What the task requires:
Repeat each entry exactly; omit all pictures.

- - - - -

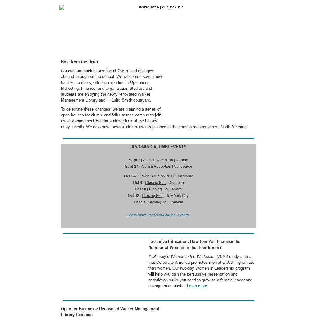 | Note from the Dean Classes are back in session at Owen, and changes abound throughout the school. We welcomed seven new faculty members, offering expertise in Operations, Marketing, Finance, and Organization Studies, and students are enjoying the newly renovated Walker Management Library and H. Laird Smith courtyard. To celebrate these changes, we are planning a series of open houses for alumni and folks across campus to join us at Management Hall for a closer look at the Library (stay tuned!). We also have several alumni events planned in the coming months across North America.
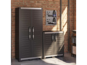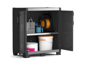 Úložná skříň GARAGE XL, nízká je perfektním řešením pro každé prostředí, vyrobena ze 100% recyklovatelného plastu odolného proti UV záření a přírodním vlivům, obsahuje 1 nastavitelnou polici, bezpečnost zajištěna uzamykatelnými dveřmi s robustní rukojetí, rozměry: 89 x 54 x 99 cm (š x h x v).
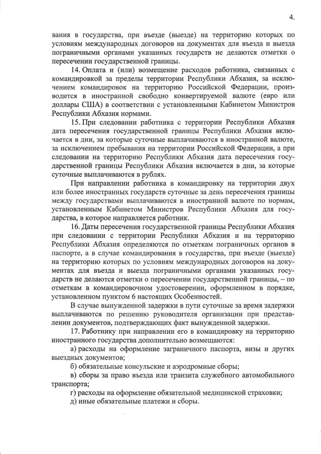 Постановление Кабинета Министров Республики Абхазия от 27.12.2017 № 180 "Об установлении "Особенностей направления работников в служебные командировки"
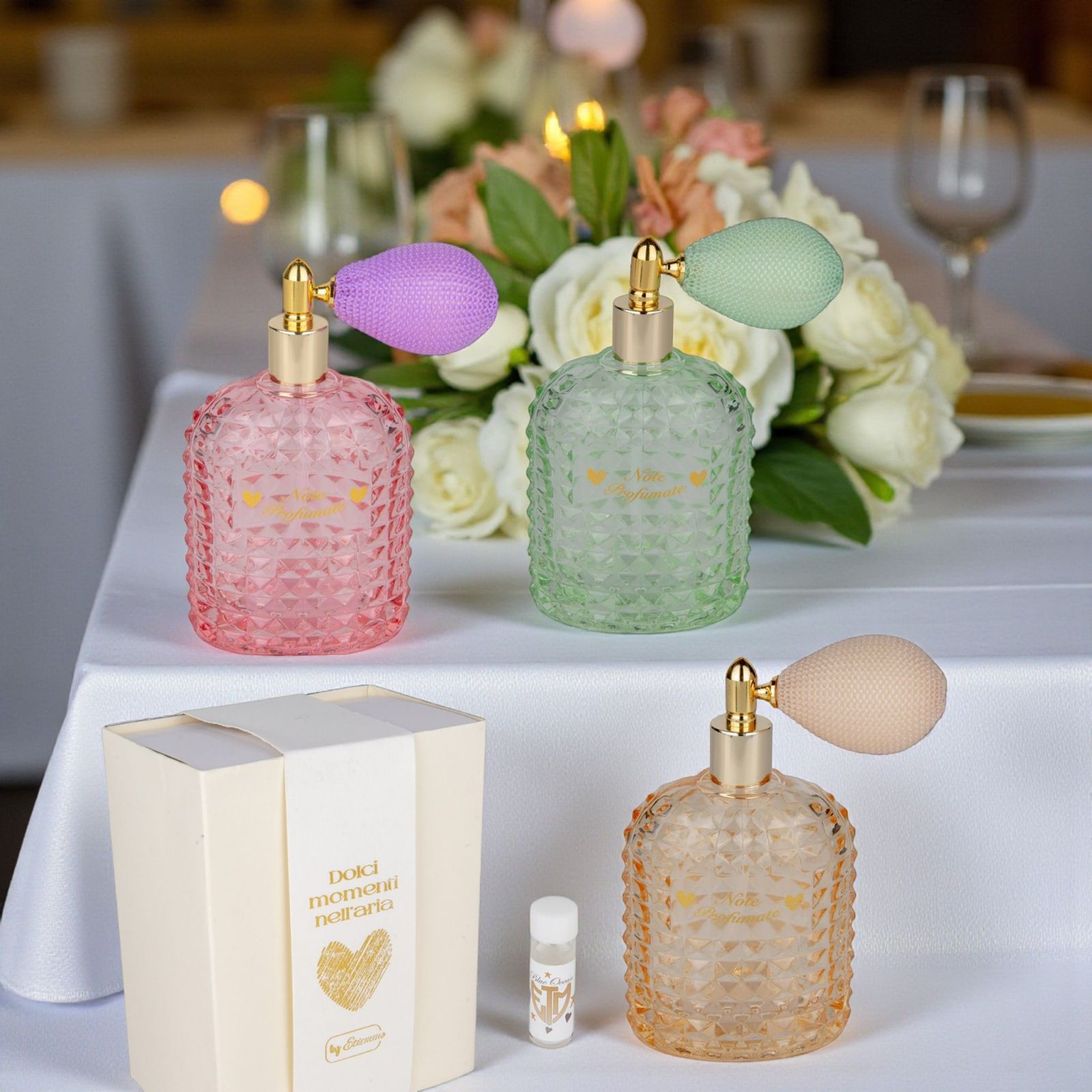 Rendi ogni momento speciale ed indimenticabile con il nostro diffusore spray assortito Iin tre colori e con scritta"Note Profumate". Questo elegante accessorio non è solo una bomboniera, ma un vero e proprio omaggio ai ricordi, pensato per accompagnare le celebrazioni più importanti della tua vita. Perfetto per comunioni, cresime, compleanni e anniversari, rappresenta un gesto affettuoso che porta con sé emozioni e profumi unici.
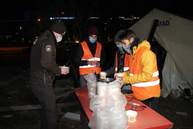 Hasarlı binalarda nöbet tutan bekçilere çorba ikramı
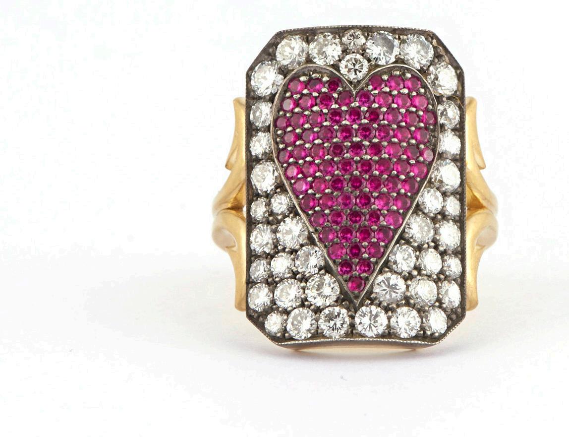 Heart Ten Table 18K Yellow Gold & Sterling Silver with Old European Cut Diamonds 1.95 Carats & Rubies 1.51 Carats Ring $16,000
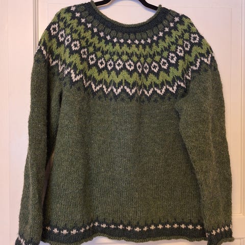 Ubrukt hjemmestrikket ullgenser, Dale oppskrift fra OL 1992. Damestørrelse ca xl. 65 cm lang, 59 cm bred, armlengde 54 cm. Sendes gjerne mot porto.
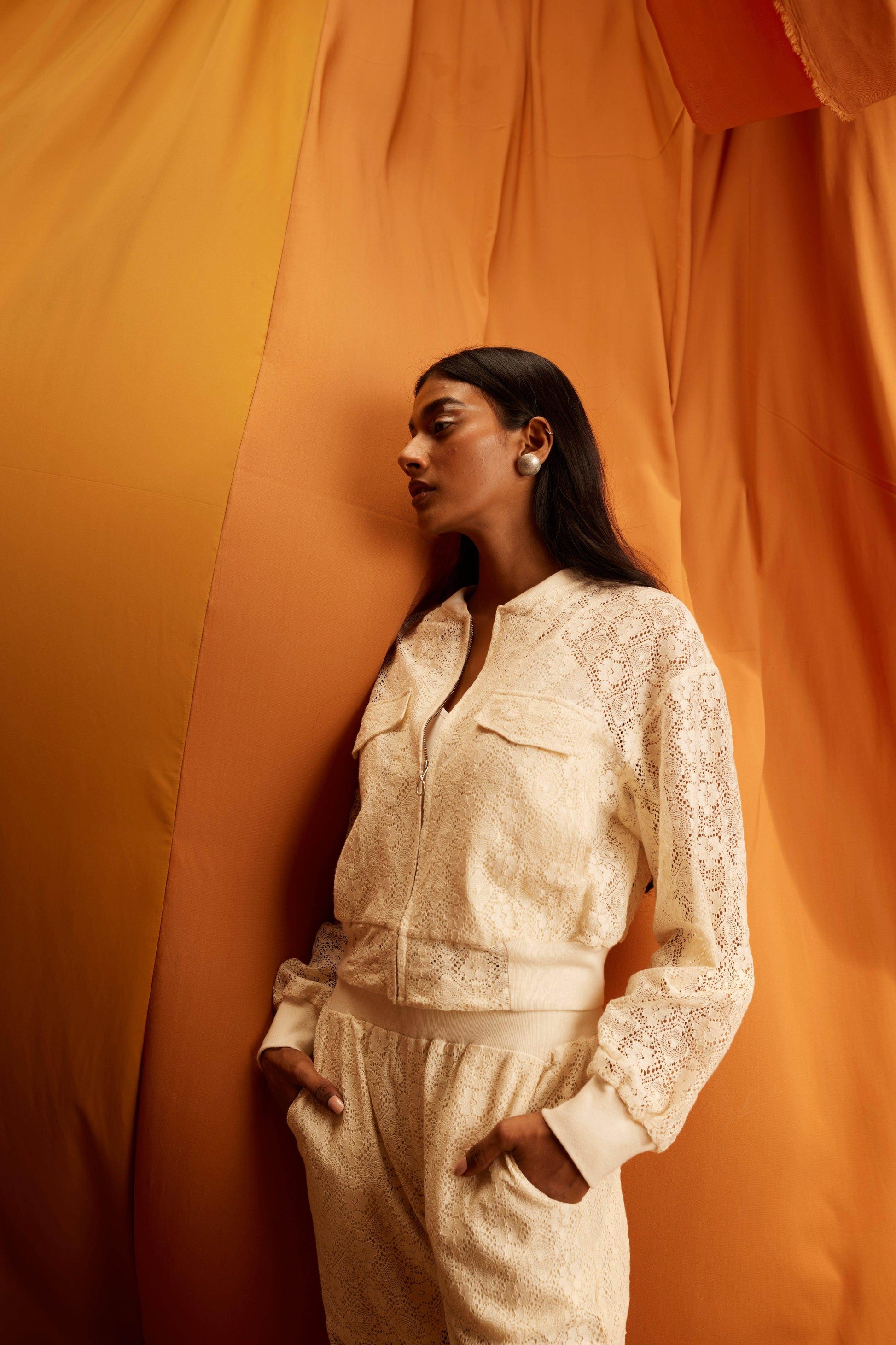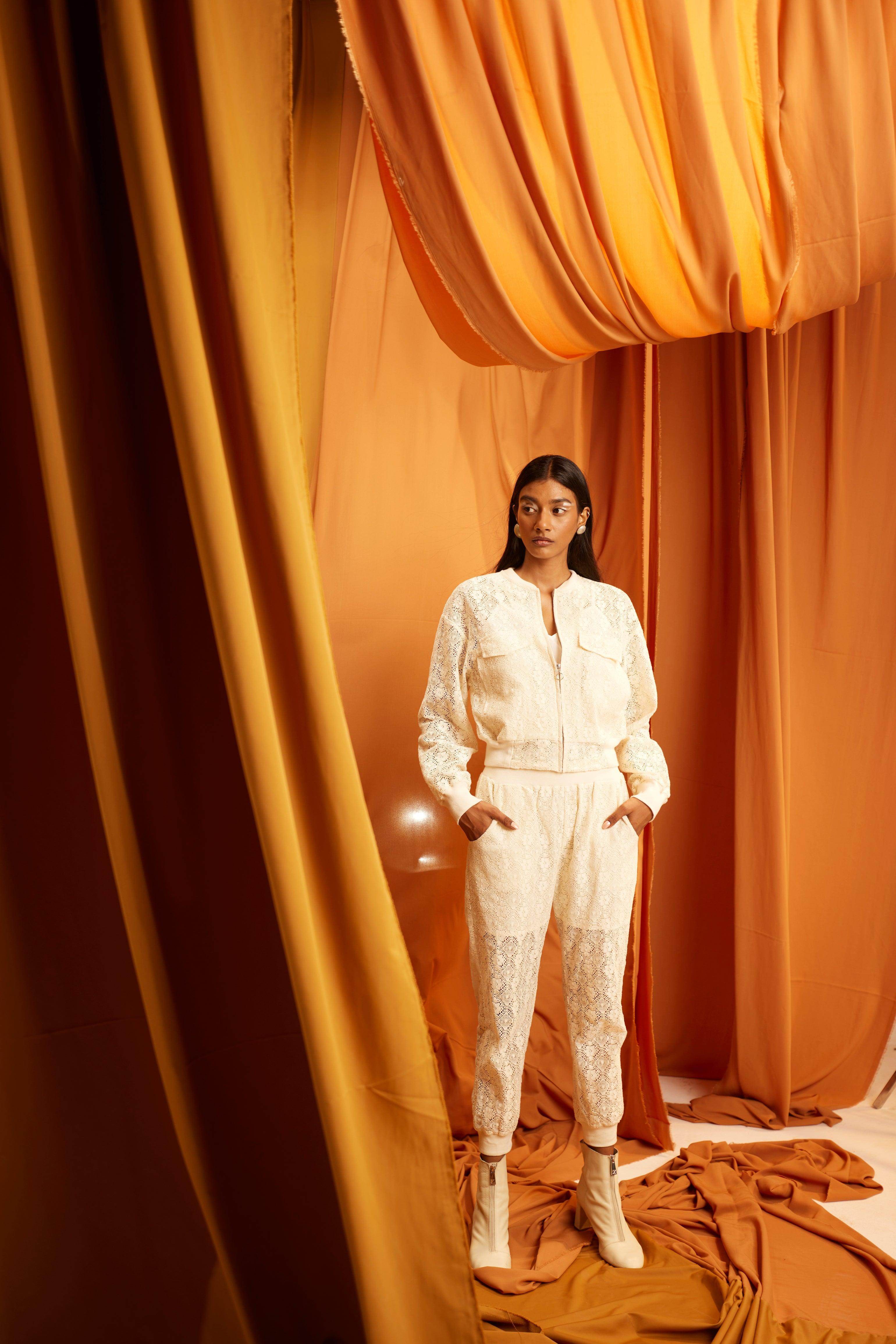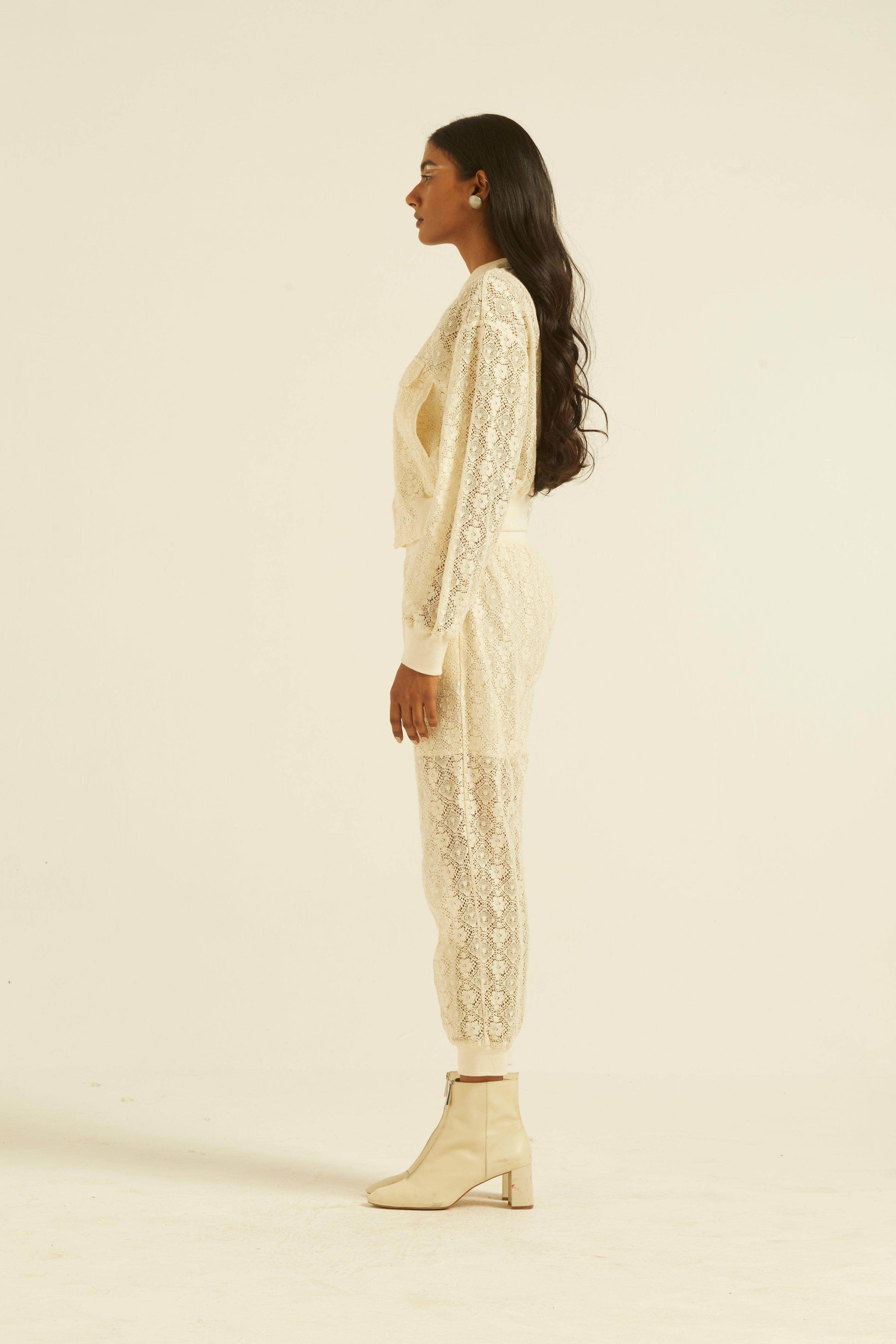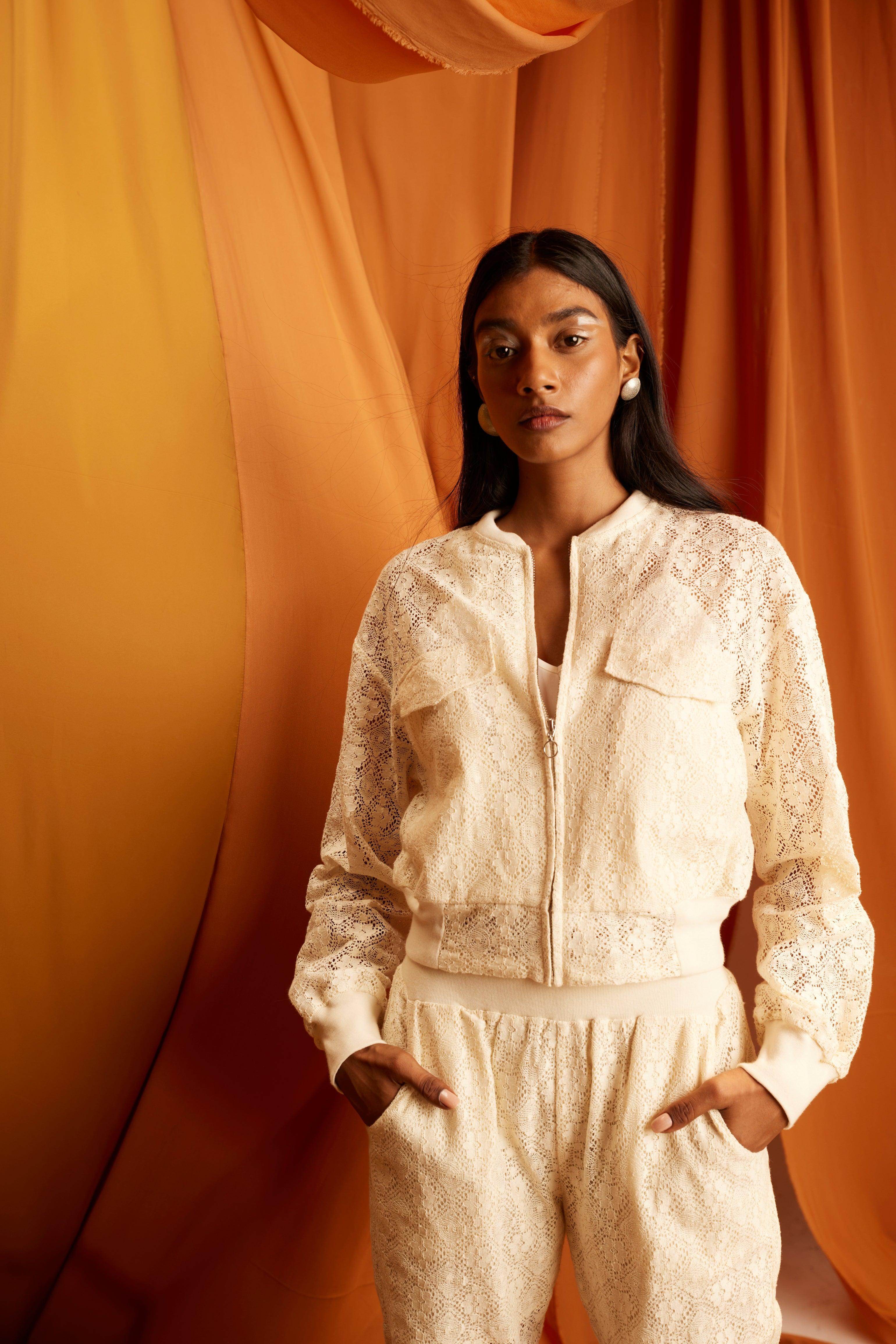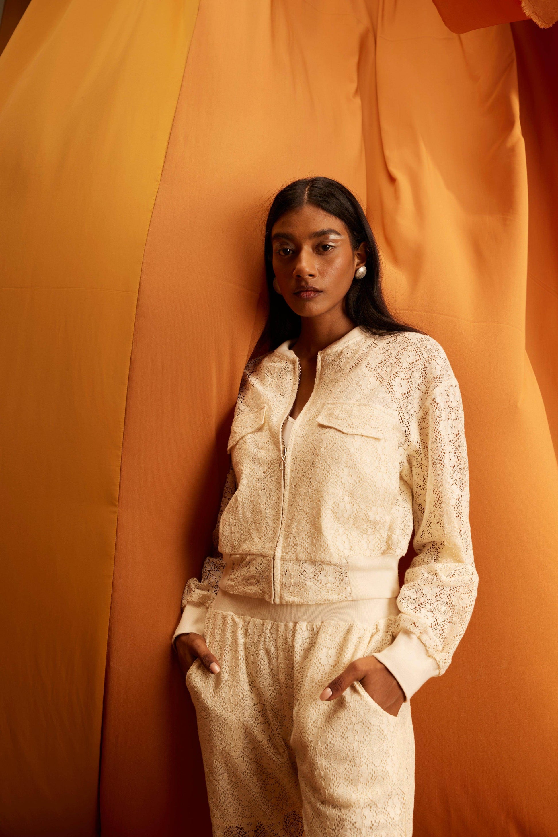 Bomber jacket and jogger set in cotton lace fabric. Decorative flap pocket detail at the jacket front. Organic cotton rib at the neckline, hem and sleeve cuffs. Zip front open, pockets in the side. The jogger is lined till shorts.

- - - - -

Response area:
 | Note from the Dean Classes are back in session at Owen, and changes abound throughout the school. We welcomed seven new faculty members, offering expertise in Operations, Marketing, Finance, and Organization Studies, and students are enjoying the newly renovated Walker Management Library and H. Laird Smith courtyard. To celebrate these changes, we are planning a series of open houses for alumni and folks across campus to join us at Management Hall for a closer look at the Library (stay tuned!). We also have several alumni events planned in the coming months across North America.
 Úložná skříň GARAGE XL, nízká je perfektním řešením pro každé prostředí, vyrobena ze 100% recyklovatelného plastu odolného proti UV záření a přírodním vlivům, obsahuje 1 nastavitelnou polici, bezpečnost zajištěna uzamykatelnými dveřmi s robustní rukojetí, rozměry: 89 x 54 x 99 cm (š x h x v).
 Постановление Кабинета Министров Республики Абхазия от 27.12.2017 № 180 "Об установлении "Особенностей направления работников в служебные командировки"
 Rendi ogni momento speciale ed indimenticabile con il nostro diffusore spray assortito Iin tre colori e con scritta"Note Profumate". Questo elegante accessorio non è solo una bomboniera, ma un vero e proprio omaggio ai ricordi, pensato per accompagnare le celebrazioni più importanti della tua vita. Perfetto per comunioni, cresime, compleanni e anniversari, rappresenta un gesto affettuoso che porta con sé emozioni e profumi unici.
 Hasarlı binalarda nöbet tutan bekçilere çorba ikramı
 Heart Ten Table 18K Yellow Gold & Sterling Silver with Old European Cut Diamonds 1.95 Carats & Rubies 1.51 Carats Ring $16,000
 Ubrukt hjemmestrikket ullgenser, Dale oppskrift fra OL 1992. Damestørrelse ca xl. 65 cm lang, 59 cm bred, armlengde 54 cm. Sendes gjerne mot porto.
 Bomber jacket and jogger set in cotton lace fabric. Decorative flap pocket detail at the jacket front. Organic cotton rib at the neckline, hem and sleeve cuffs. Zip front open, pockets in the side. The jogger is lined till shorts.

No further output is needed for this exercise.